White lightbulbs, 100% and no actinic:


IMG_7552 by Rck1984F, on Flickr

1 white 12k, one actinic both on 50%:


Paracyprichromis Brieni Velifer by Rck1984F, on Flickr

Pics describe a lot more then plain text in this case.

*Note*: The Paracyprichromis on the first picture is a little younger then the one on the second, therefore it has a bit more color as well. But I can tell you, the actinic light is one of the best, if not the best investment on my tank in the recent months!


----------



## ranchialex (Dec 4, 2011)

I have a mysterious 'blue tube' that I think is close to actinic and it's very helpful. I think I have 1 6,500Ã‚Â° tube and a 15,000Ã‚Â°. I should probably have more, but I'm pretty happy.


----------



## Vadimshevchuk (May 23, 2009)

yeah it is true. That is why reefers run 20k instead of 10k even though when you use 10k you grow corals better. i prefer the color spectrum for cichlids to be 12-14k


----------



## Steveboos (Dec 23, 2011)

I've noticed the colors of my Cichlids in my current tank with 2 10K lights is not as vivid as when i had a single 48" 50/50 bulb on the 55 gallon. The yellows of the labs are nice and bright, but the blues of the Demasoni's are no where near what they used to be with the actinic light.


----------



## DanniGirl (Jan 25, 2007)

Depends what type of colors you're trying to emphasize.

To enhance the blues in my tank, I use true actinics (2 Philips TL 20W/03) in conjunction with 50/50's.


----------



## Rhinox (Sep 10, 2009)

I've thought about this and I don't know if I'm right, but thinking about how visible light works may offer some insight into the best light color to choose for your fish.
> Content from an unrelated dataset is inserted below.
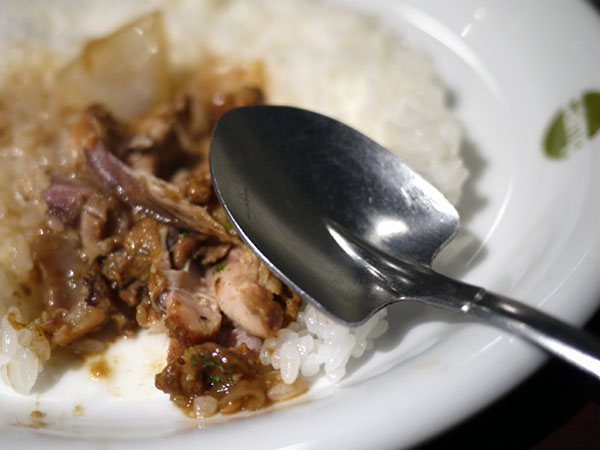 骨付きドラムが、ほぐれるほどに煮込まれているということもあるのだろうけど、このスッコプスプーンでとっても楽にきれいに食べれる。
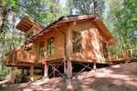 The nonprofit Friends of Tryon Creek is opening on Sep. 20, 2025 a new education pavilion to provide year-round programming, including field trips, day camps and community events at the Tryon Creek State Natural Area in Southwest Portland. This photo taken on Sep. 13, 2025 shows the front of the roughly 2,900-square-foot pavilion which is designed to resemble plankhouses used by Northwest Indigenous tribes for potlatches, ceremonies and other events.

What we see as color is actually reflected light of certain wavelengths. Something that is yellow reflects yellow light, and absorbs all other wavelengths. Something that is blue reflects blue light, and absorbs all other wavelengths. Black absorbs all wavelengths of light, and white reflects all wavelengths of light.

So a yellow lab is bright yellow and reflects yellow wavelengths in light. A demasoni is blue and reflects blue wavelengths. So my first thought was to match light spectrum to your fish species. For yellow labs, warmer spectrums contain more light in the yellow spectrum, which means the labs should reflect more of the light and look brighter. For demasoni, cooler lighting and blue actinics contain blue wavelengths that the blue fish reflects making them look brighter.

But that can't be the whole story, or else yellow fish would not look good at all under cool lighting and blue actinic, as there is not much light of yellow wavelengths to reflect. I think the other half might be choosing a light spectrum that the fish can stand out in. For example, if you use nothing but blue lighting, it may make a cool effect, but everything looks blue, so even blue fish that can reflect that wavelength can't stand out.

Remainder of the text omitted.